**EXERCISE**
Reproduce the records below in full and exactly, without their images.

**AVAILABLE DATA**

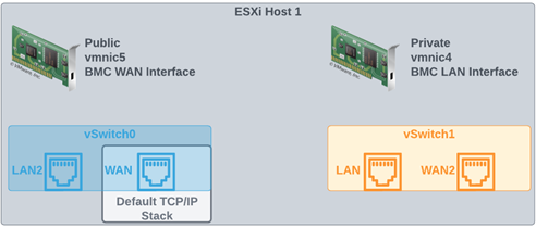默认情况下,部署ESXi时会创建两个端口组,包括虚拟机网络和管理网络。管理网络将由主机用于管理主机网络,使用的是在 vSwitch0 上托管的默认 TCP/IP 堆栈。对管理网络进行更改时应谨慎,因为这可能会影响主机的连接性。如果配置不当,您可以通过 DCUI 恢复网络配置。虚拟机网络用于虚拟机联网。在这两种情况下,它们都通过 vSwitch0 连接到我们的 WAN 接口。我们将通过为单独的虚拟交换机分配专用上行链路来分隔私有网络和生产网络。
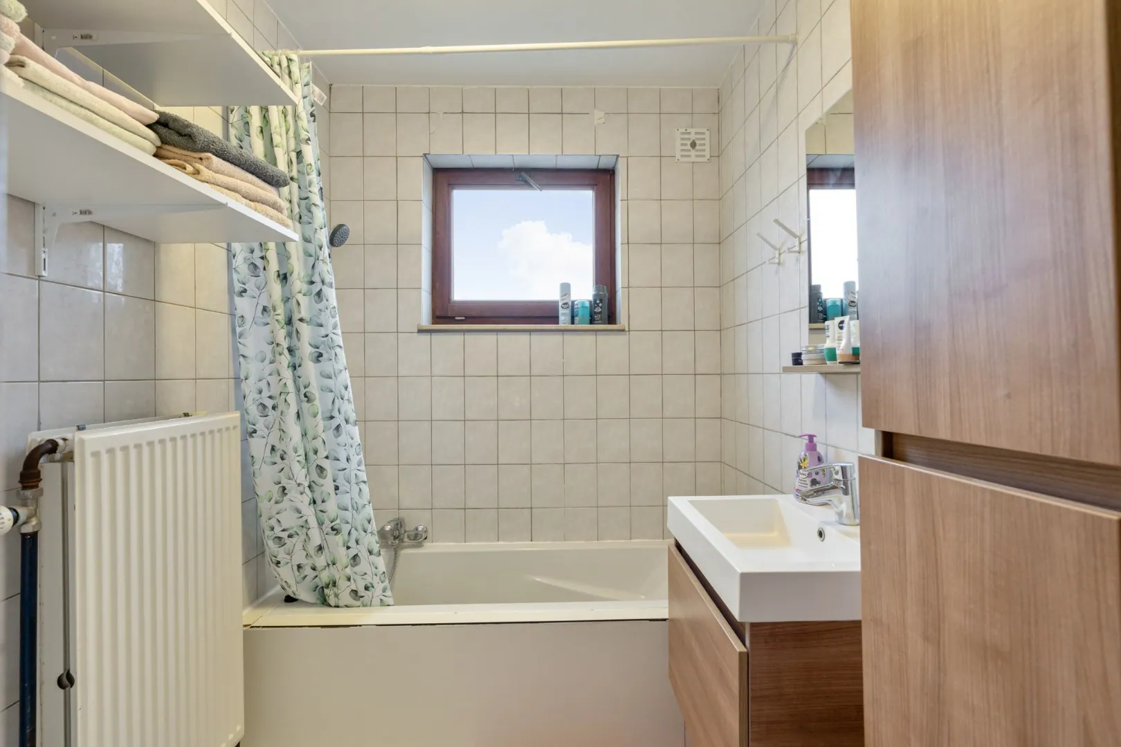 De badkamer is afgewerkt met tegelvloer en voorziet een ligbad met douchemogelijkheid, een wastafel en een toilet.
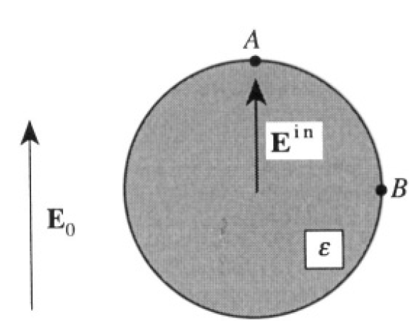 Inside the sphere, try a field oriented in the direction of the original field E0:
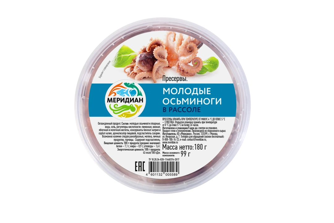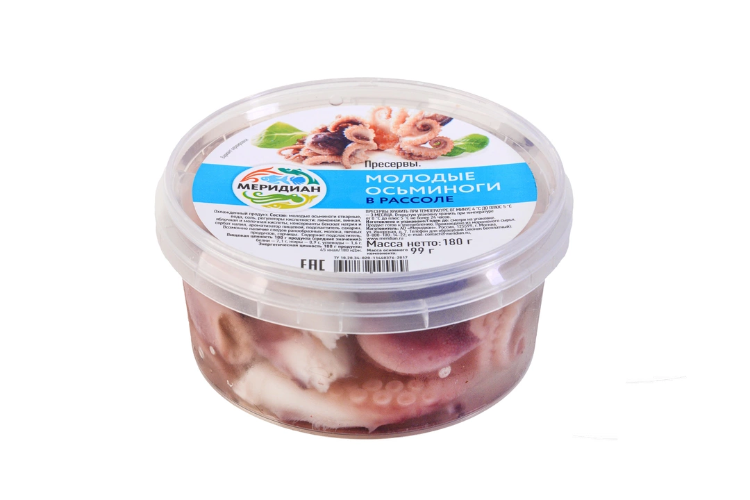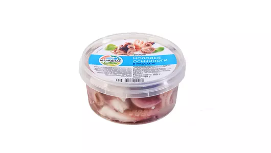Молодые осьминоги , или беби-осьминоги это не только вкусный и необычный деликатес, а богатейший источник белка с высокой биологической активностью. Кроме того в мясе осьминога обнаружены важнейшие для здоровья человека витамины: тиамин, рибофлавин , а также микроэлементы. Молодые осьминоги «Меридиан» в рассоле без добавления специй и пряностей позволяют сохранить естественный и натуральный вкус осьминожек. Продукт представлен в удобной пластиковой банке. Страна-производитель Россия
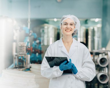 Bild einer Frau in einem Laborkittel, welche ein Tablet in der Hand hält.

**ANSWER TO THIS EXERCISE**
默认情况下,部署ESXi时会创建两个端口组,包括虚拟机网络和管理网络。管理网络将由主机用于管理主机网络,使用的是在 vSwitch0 上托管的默认 TCP/IP 堆栈。对管理网络进行更改时应谨慎,因为这可能会影响主机的连接性。如果配置不当,您可以通过 DCUI 恢复网络配置。虚拟机网络用于虚拟机联网。在这两种情况下,它们都通过 vSwitch0 连接到我们的 WAN 接口。我们将通过为单独的虚拟交换机分配专用上行链路来分隔私有网络和生产网络。
 De badkamer is afgewerkt met tegelvloer en voorziet een ligbad met douchemogelijkheid, een wastafel en een toilet.
 Inside the sphere, try a field oriented in the direction of the original field E0:
Молодые осьминоги , или беби-осьминоги это не только вкусный и необычный деликатес, а богатейший источник белка с высокой биологической активностью. Кроме того в мясе осьминога обнаружены важнейшие для здоровья человека витамины: тиамин, рибофлавин , а также микроэлементы. Молодые осьминоги «Меридиан» в рассоле без добавления специй и пряностей позволяют сохранить естественный и натуральный вкус осьминожек. Продукт представлен в удобной пластиковой банке. Страна-производитель Россия
 Bild einer Frau in einem Laborkittel, welche ein Tablet in der Hand hält.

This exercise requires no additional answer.